CVE-2026-44590: Sherlock: Command Injection via pull_request_target in validate_modified_targets.yml
Sherlock hunts down social media accounts by username across social networks. Prior to 0.16.1, the GitHub Actions workflow validate_modified_targets.yml is vulnerable to command injection via the pull_request_target trigger. Any GitHub user can execute arbitrary commands on the CI runner and exfiltrate the GITHUB_TOKEN by opening a pull request. No approval, review, or merge is required. This vulnerability is fixed in 0.16.1.
HarborGuard Analysis
HarborGuard analysisSynopsis
Command injection in the Sherlock open-source tool (sherlock-project/sherlock) allows any GitHub user to run arbitrary commands on the CI runner by opening a pull request against the repository. The flaw lives in the validate_modified_targets.yml GitHub Actions workflow, which uses the pull_request_target trigger without guarding against untrusted input; no authentication, approval, or review step is required before the injected commands execute. Successful exploitation lets an attacker exfiltrate the GITHUB_TOKEN and make high-integrity modifications to the repository or its CI environment. HarborGuard tracks this advisory and will make a patched-image rebuild available the moment an upstream fix is published.
HarborGuard Coverage
Detection for CVE-2026-44590 is available across every HarborGuard environment; the CVE is ingested from upstream advisory feeds within minutes of publication and matched against customer images, including custom-built images that bundle Sherlock or embed its workflow files. No manual feed configuration is required for coverage to apply.
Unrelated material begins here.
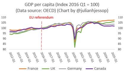 For example, perhaps the UK’s apparently poor performance on GDP per capita has had far more to do with the UK’s relatively high energy costs and the EV transition. This also explains why Germany has underperformed, especially against France. Relatively high levels of net immigration may have played a part too, as they have in Canada.

AvailableHarborGuard scores this finding at CVSS 9.3 Critical (v3.1) and weights it against each environment's compliance policy to determine escalation priority. Triage routing is available to deliver the finding to the appropriate team inbox within each customer organization based on configured ownership rules.
AvailableNo fix version has been published upstream for CVE-2026-44590; HarborGuard re-checks the advisory on every ingest cycle and will make a patched-image rebuild available automatically the moment the upstream project ships a remediated release. For customers who opt into auto-remediation, the rebuild, regression test run, and PR against affected workloads will be triggered without manual intervention once a fix version appears.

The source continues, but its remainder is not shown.